Your copy of the data should match it exactly, leaving out only the pictures.

:: Dataset section ::

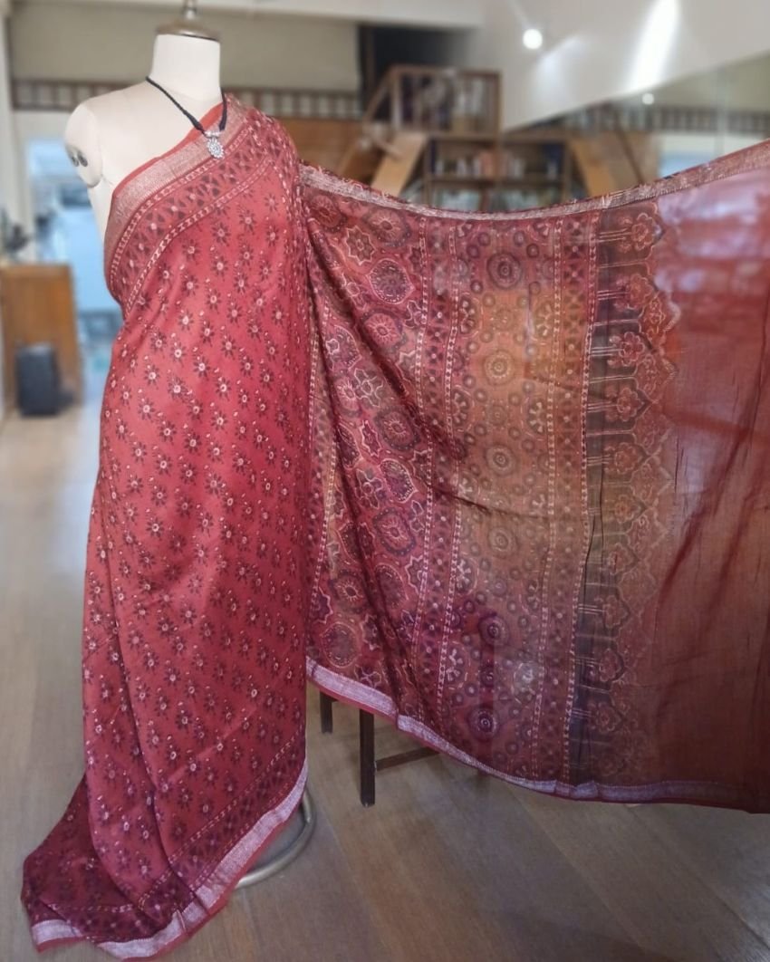 Ajrakh Handblock Saree on Silk-Cotton – (AHSC0003)
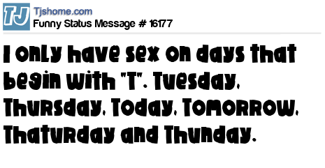 X I only have sex on days that begin with "T". Tuesday, Thursday, Today, Tomorrow, Thaturday and Thunday.
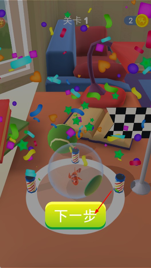 4、成功到达终点后,点击【下一步】按钮,继续挑战后续关卡。
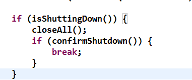 在 confirmShutdown 方法中,夹杂了一些对已经废弃的 shutdown()方法的处理,例如:

:::

## Exercise result
 Ajrakh Handblock Saree on Silk-Cotton – (AHSC0003)
 X I only have sex on days that begin with "T". Tuesday, Thursday, Today, Tomorrow, Thaturday and Thunday.
 4、成功到达终点后,点击【下一步】按钮,继续挑战后续关卡。
 在 confirmShutdown 方法中,夹杂了一些对已经废弃的 shutdown()方法的处理,例如:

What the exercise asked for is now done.